How Yoga Changes You, Body and Mind

An interview by Yoga One student Stacey Ebert with Yoga One owner and co-founder, Amy Caldwell. 

Amy Caldwell. Photo by Shadow Van Houten

Amy Caldwell. Photo by Shadow Van Houten

As a practicing yogi, I’ve seen and felt the benefits of sharper awareness, greater strength and flexibility, better posture, and overall improved health firsthand. The more than 5,000-year old philosophy encourages a practice of health, wellbeing, and attention. No, you don’t have to flexible. No, it’s not super expensive. Yes, you can practice anywhere. Yes, it offers something for everyone. Never once have I regretted a moment spent on my mat.

To see what someone with more detailed knowledge had to say, I chatted with Amy Caldwell, who along with her husband, Michael, owns Yoga One in San Diego, California. In addition to practicing, studying, and teaching yoga for two decades, Amy has collaborated on the best-selling iYoga Premium for iPad and iPhone. She also leads the annual yoga class aboard the historic USS Midway, is the head teacher for the acclaimed Yoga One Teacher Training, and has twice been featured on the cover of Yoga Journal. Here’s what she has to say about yoga and its benefits.

SE: How does the idea of ‘getting out of your own way’ merge with the practice of yoga?

AC: Yoga, an ongoing practice of inner listening, works to find a balance between being grounded and remaining open. These tools help us “get out of our own way” by deeply connecting to our Self (“Self” with a capital S indicates big energy and spirit, a higher self). By the time the student makes it to a yoga class, she has already taken the first pro-active step towards self-care.

SE: How do you encourage students to “take their first steps and then leap?” 

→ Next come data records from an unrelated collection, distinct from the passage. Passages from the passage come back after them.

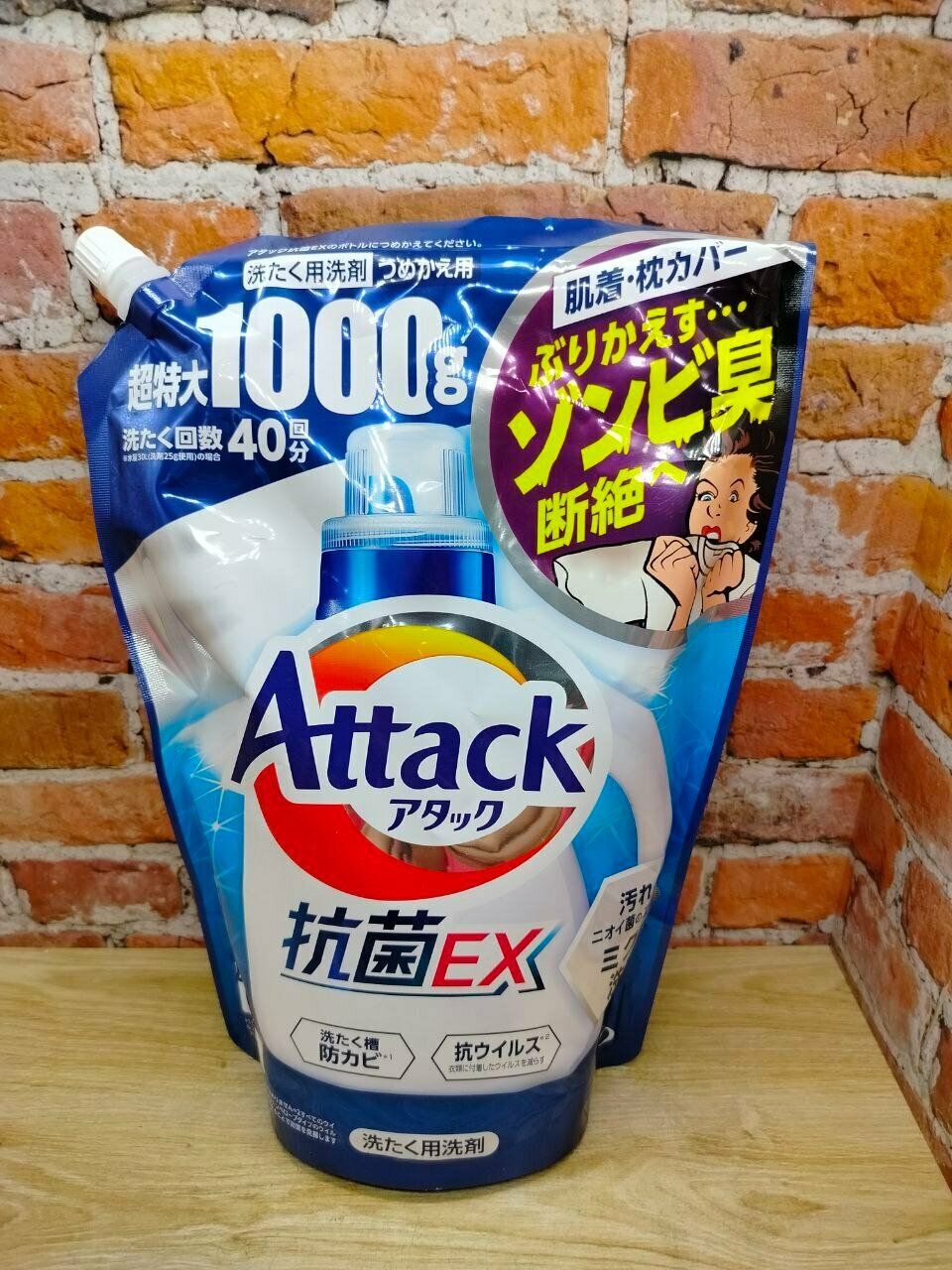 KAO Attack Жидкое средство для стирки белья с антибактериальным эффектом и сушки в помещении сменная упаковка 1000 гр 1 150 ₽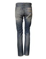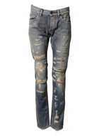 blue tattered skinny jeans. Designed with a modern slim silhouette, they feature distressed detailing and premium denim construction for a stylish and edgy look. Perfect for casual days or nights out, they deliver effortless Italian style with a bold, contemporary attitude.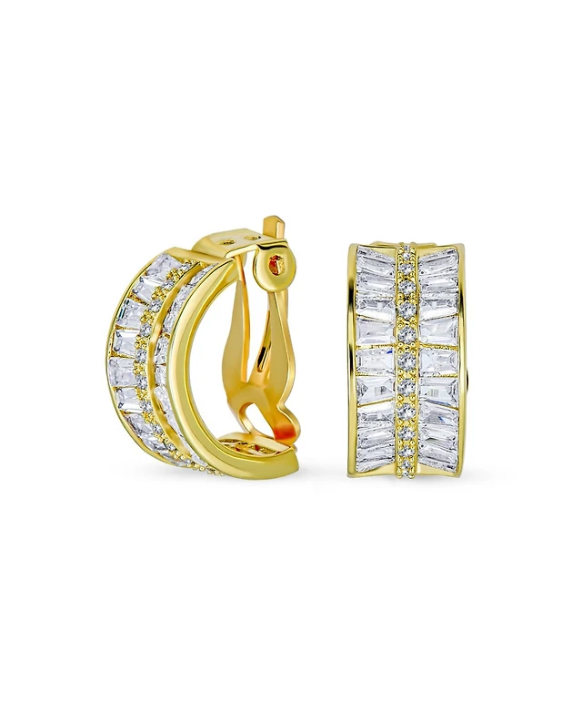 Bling Jewelry Art Deco Style Statement Cz Half Hoop Baguette Earrings Clip On Yellow Gold Plated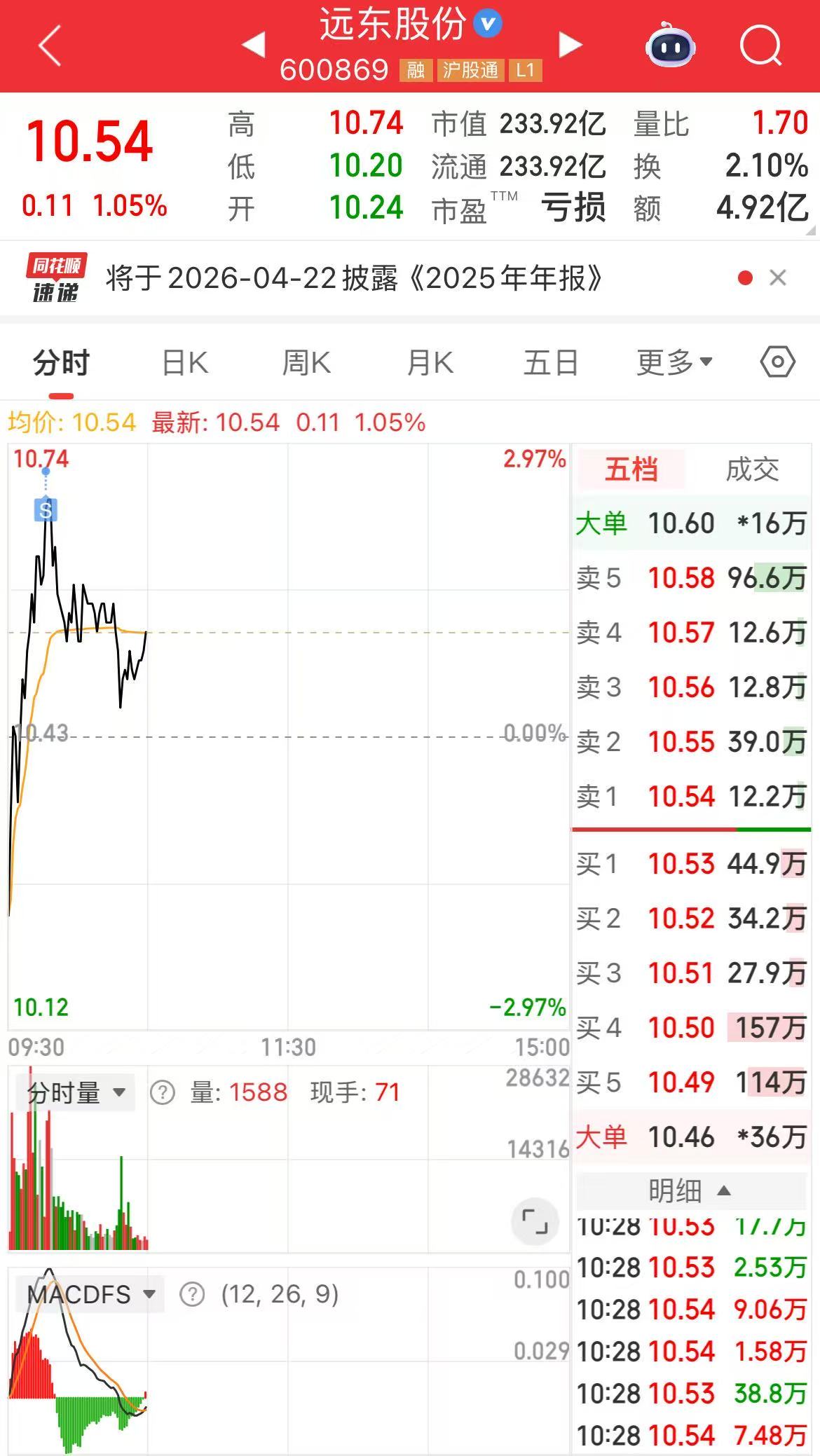 ,可是可是,小粤粤昨天被我10.92卖飞啦,今天他又跌回来我真忍不住啊。所以,我不占便宜,什么价格卖飞的就什么价格买回来。感觉远东成了大冤种,我心属的还是小粤粤

AC: Life happens during our present moments, and the practice of yoga teaches people to consciously participate in those present moments. Students are invited to notice with increasing attention what is happening here and now. The next step is to balance that awareness with relaxing into what is: meeting yourself where you are each and every day, and moving forward from there.

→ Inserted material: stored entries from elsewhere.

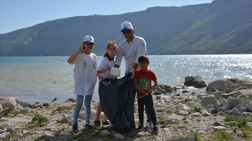 Bitlis’in Tatvan ilçesinde doğaseverler Nemrut Krater Gölü’nde çevre temizliği yaptı.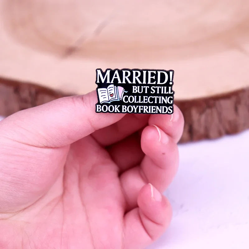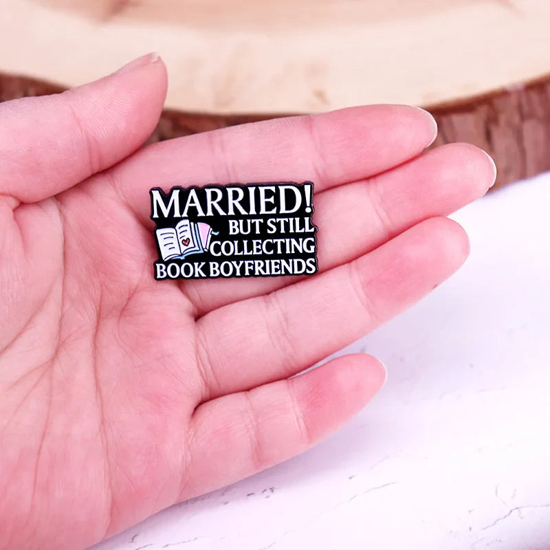 "Married but Still Collecting Book Boyfriends" Enamel Pin – For Book Lovers & Hopeless Romantics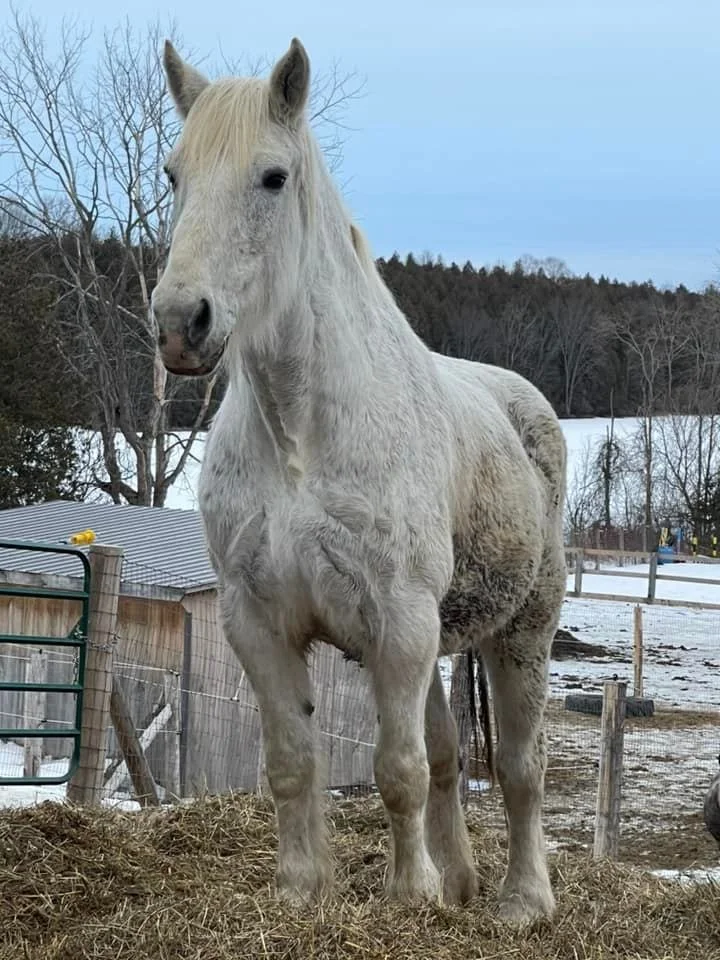 This gorgeous 20-year-old came to us on February 7, 2022 from StoneRidge Stables & Rehoming Centre, along with her Belgian boyfriend, Samson (they bonded in foster care!) She is a very special Percheron, standing at 18hh.

The intentions and tools experienced and developed in a yoga practice carry off the mat into daily life.

Amy Caldwell. Photo by Nancee Lewis

Amy Caldwell. Photo by Nancee Lewis

SE: What are some beginning, advanced, and intermediate actionable steps women can take to lessen fear and add more joy to their life?

AC: Practice self-care. Take a few minutes every day to simply “be” rather than to “do.” This can be going for a walk, a few yoga poses, five minutes of meditation, or really, doing anything at all with the intention of being fully present.

Schedule something weekly that strengthens the muscles of careful listening and being present. This can be as simple as listening to whomever is speaking to you without interruption and with full attention, a yoga or meditation class, or any art form that encourages mindfulness.

Make time for things that bring you joy (for me it can be spending quality time with my family, being in nature or taking a fun dance class). Pay attention to whatever it is that helps you connect to a deep sense of vibrant aliveness and make time to do it! We can all carve out an hour or two a week for our well-being and healthy enjoyment.